What needs to be done: No pictures go into the copy. Write out every line below exactly.

Source data:

______

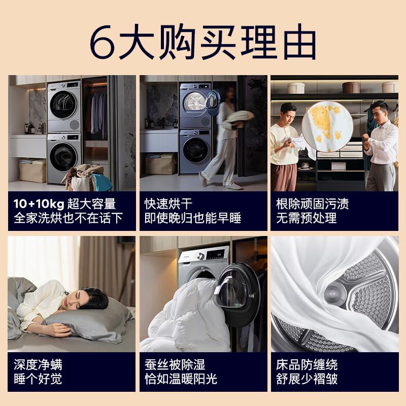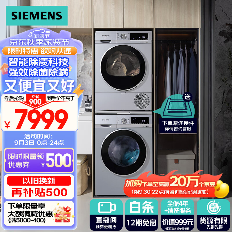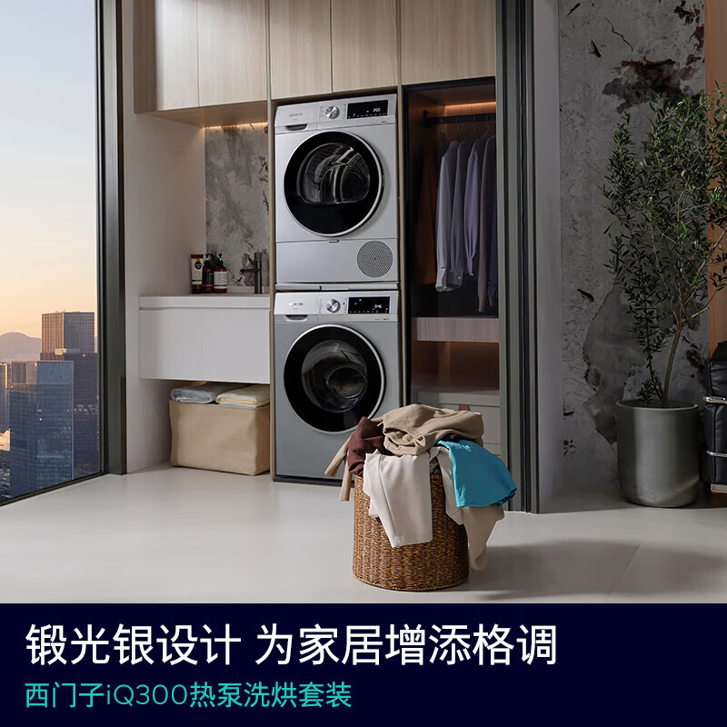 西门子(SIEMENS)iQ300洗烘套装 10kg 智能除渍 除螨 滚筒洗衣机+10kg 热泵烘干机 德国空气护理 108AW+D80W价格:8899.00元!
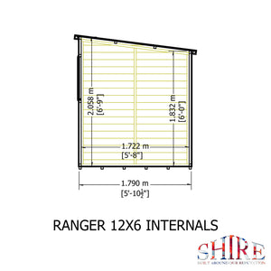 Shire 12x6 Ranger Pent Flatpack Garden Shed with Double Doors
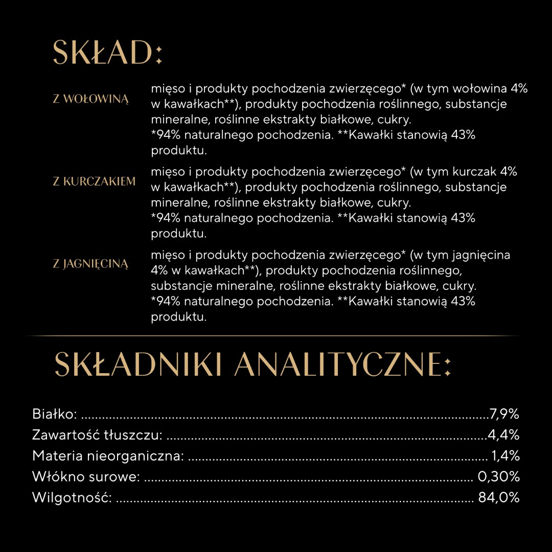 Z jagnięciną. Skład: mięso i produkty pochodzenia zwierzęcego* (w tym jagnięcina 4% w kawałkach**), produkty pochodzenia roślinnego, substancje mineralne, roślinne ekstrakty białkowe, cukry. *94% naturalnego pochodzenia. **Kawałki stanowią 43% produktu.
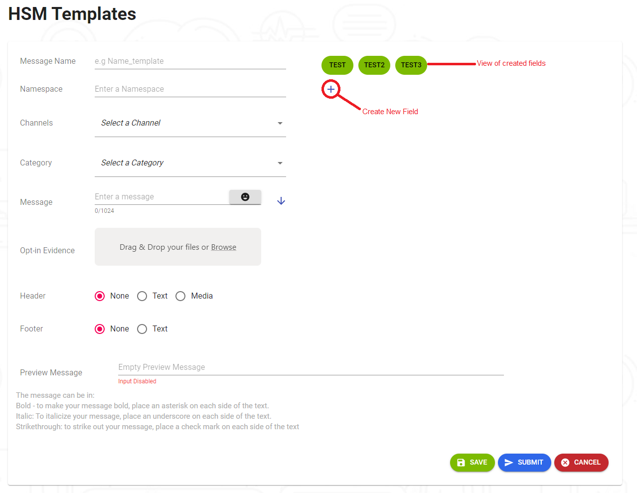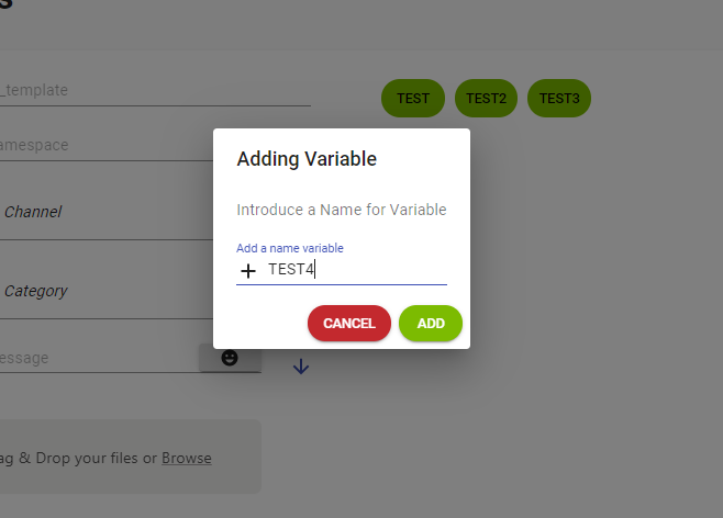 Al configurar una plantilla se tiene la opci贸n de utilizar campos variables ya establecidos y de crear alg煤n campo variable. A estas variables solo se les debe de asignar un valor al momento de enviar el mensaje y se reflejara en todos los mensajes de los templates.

______

Problem solution:
 西门子(SIEMENS)iQ300洗烘套装 10kg 智能除渍 除螨 滚筒洗衣机+10kg 热泵烘干机 德国空气护理 108AW+D80W价格:8899.00元!
 Shire 12x6 Ranger Pent Flatpack Garden Shed with Double Doors
 Z jagnięciną. Skład: mięso i produkty pochodzenia zwierzęcego* (w tym jagnięcina 4% w kawałkach**), produkty pochodzenia roślinnego, substancje mineralne, roślinne ekstrakty białkowe, cukry. *94% naturalnego pochodzenia. **Kawałki stanowią 43% produktu.
 Al configurar una plantilla se tiene la opci贸n de utilizar campos variables ya establecidos y de crear alg煤n campo variable. A estas variables solo se les debe de asignar un valor al momento de enviar el mensaje y se reflejara en todos los mensajes de los templates.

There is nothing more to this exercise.